Finally a direct quote:

“has the notion of habitability come to the end of its useful scientific life?”

Yes   (I think)

Next comes Daniel Koll from Chicago University. He presents a circulation simulation for an ocean planet (Earth entirely covered by oceans), varying the amount of heat carried by ocean currents.

The main result is that the atmosphere compensates for the heat that the oceans carry, so that the total heat transport remains nearly constant.

David Ferreira, standing in for John Marshall at MIT, also presents simulations for an ocean planet, using the MIT GCM. They examined two specific cases: a pole-on planet, and a tidally locked planet. The details are fascinating – although unfortunately it would take too long to go into them here. In summary, in the high-obliquity case, the oceans store the heat during the 6-month summer and release it to warm the 6-month dark winter.
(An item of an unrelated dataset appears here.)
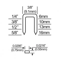 - Compatible with 22-gauge 3/8 in. crown staples from 1/4 in. to 5/8 in.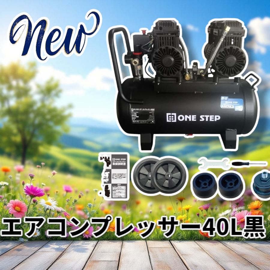 - 自転車 > メンテナンス > エアーコンプレッサー 40L 100v 静音 小型オイルレス ブラック 2229 エアーコンプレッサー 40L 100v 静音 小型オイルレス ブラック 2229

In the tidally locked case, the ocean currents become dominant over the atmospheric circulation to warm the night side.

Robin Wordsworth of Chicago University presents the result of a GCM applied to early Mars and to the exoplanet GJ 581 d, that receives Mars-like levels of star light, but is probably tidally locked.

In his last slides Robin touches upon the interesting issue of H2 as a greenhouse gas in the early Earth (before it was lost to space). A small fraction of H2 (<1%) in a heavy nitrogen atmosphere could produce enough greenhouse effect to compensate the early Sun faintness. Similarly, H2 could make super-Earths habitable  for a transient period early on.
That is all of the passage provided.